Как раз в этот момент Луна, бывшая в своей первой четверти, стала выплывать на горизонт, среди белого дня, легко и элегантно вырисовываясь на безоблачном небе, бледная, но совершенно ясно видимая для всех.

— Мне кажется, что ночное светило не обращает на нас ни малейшего внимания, дорогой мой Моони! — сказал он спустя немного времени, обернувшись к молодому ученому.

Тот улыбнулся веселой, добродушной улыбкой.

— Как, Когхилль! — сказал Моони, — неужели вы ожидали, будто я рассчитываю, что Луна по первому моему приглашению явится на мой зов, как ваш камердинер, когда вы ему позвоните, и в каких-нибудь три секунды прибудет сюда!?

— Хм! Черт побери! — воскликнул баронет.

— Это, видите ли, маленькое заблуждение, — продолжал все так же улыбаясь Норбер Моони, — немыслимо, чтобы все это совершилось так быстро! Не забудьте, какое расстояние отделяет нас от Луны!… Ей потребуется никак не менее шести дней восьми часов Двадцати одной минуты и сорока шести секунд, чтобы спуститься до нас, если мои расчеты верны. Из этого вы сами видите, что мы имеем в нашем распоряжении вполне достаточно времени, чтобы надлежащим образом подготовиться к этому чрезвычайному событию!

Баронет молчал, но, очевидно, еще далеко не был убежден в справедливости слов молодого астронома. Тем не менее он ни словом не высказал своего недоверия, а Норбер Моони со своей стороны не стал настаивать и убеждать его.

— Вы извините меня, — сказал немного погодя Норбер Моони, — я должен на минутку подняться наверх и сделать с помощью телескопа измерение диска Луны в данный момент.

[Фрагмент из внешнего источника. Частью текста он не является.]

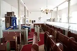 - 🌍 Adat Jeschurun. Orthodox synagogue. The interiors come from the Synagoge Bornstrasse in Hamburg, which survived the 1938 November pogroms (Kristallnacht) as it was in a tenement building. Due to the threat against the Jews, director Hans Lehmann, a German Jew residing in Stockholm, had the furnishing imported in March 1939. The pews, prayer books and the Torah Ark were labelled as "old furniture" to avoid suspicion from German authorities. The synagogue has been active in Stockholm since 1940.

С этими словами он прошел в галерею, где находились телескопы, и, заняв свое обычное место, стал заносить размер Лунного диска в том виде, в каком он представлялся ему в данный момент.

Затем в продолжение всего дня не было видно ни малейшего намека на тот опыт, который незаметно совершался на глазах у всех.

С наступлением же ночи, или, вернее, вечера, инсоляторы сами собой прекратили свое действие, как того и следовало ожидать, раз Солнце перестало снабжать их необходимым количеством теплоты. Но зато электрические аккумуляторы, приведенные в действие посредством простого поворота крана, автоматически заменили собой непосредственную работу машин, — и магнит Тэбали все время оставался насыщенным, как о том свидетельствовал магнетометр.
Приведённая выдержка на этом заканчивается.